Printed on: November 22, 2012
Israel and Hamas agree to cease-fire
GAZA CITY, Gaza Strip (AP) --Israel and the Hamas militant group agreed to a cease-fire Wednesday to end eight days of the fiercest fighting in nearly four years, promising to halt attacks on each other and ease an Israeli blockade constricting the Gaza Strip.
Palestinian gunmen in Gaza fired into the air in celebration. At U.N. run schools in Gaza, where thousands had fled for protection, children and parents cheered and clapped.
"I just hope they commit to peace," said Abdel-Nasser al-Tom, from northern Gaza.
The deal was brokered by the new Islamist government of Egypt, solidifying its role as a leader in the quickly shifting Middle East after two days of intense shuttle diplomacy that saw U.S. Secretary of State Hillary Rodham Clinton race to the region.
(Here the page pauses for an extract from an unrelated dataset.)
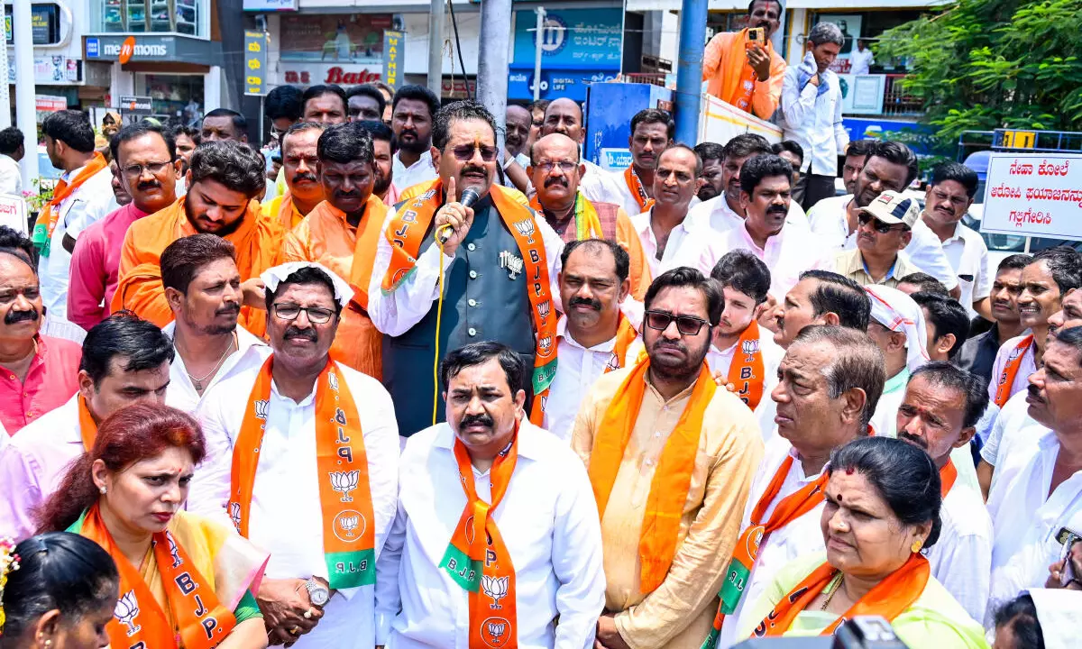 In Hubballi, BJP MLA Mahesh Tenginakai spearheaded the protest, leading demonstrators in vehemently opposing the state government's approach. The protestors demanded capital punishment for the accused, Fayaz.

Under the agreement, Egypt will play a key role in maintaining the peace.
Minutes before the deal took effect at 9 p.m. local time (12 p.m., MST) there was a last spasm of Palestinian rocket attacks and Israeli airstrikes, including one that killed a man minutes before the deadline. After 9 p.m., the attacks ceased. Israel launched more than 1,500 airstrikes and other attacks on targets in Gaza since fighting started Nov. 14, while more than 1,000 rockets pounded Israel. In all, 161 Palestinians, including dozens of civilians, were killed, while five Israelis died.
Standing next to Clinton, Egypt's foreign minister, Mohammed Kamel Amr, announced the truce breakthrough that capped days of intense efforts that drew the world's top diplomats into the fray.
The agreement will "improve conditions for the people of Gaza and provide security for the people of Israel," Clinton said at the news conference in Cairo.
In Israel, Prime Minister Benjamin Netanyahu said he agreed to the cease-fire after consulting with President Barack Obama to allow Israeli civilians to get back to their lives. He said the two leaders also agreed to work together against weapon smuggling into Gaza, a statement confirmed by the White House.
Netanyahu also left the door open to a possible ground invasion of Gaza at a later date.
"I know there are citizens that expected a wider military operation and it could be that it will be needed. But at this time, the right thing for the state of Israel is to take this opportunity to reach a lasting cease-fire," he said.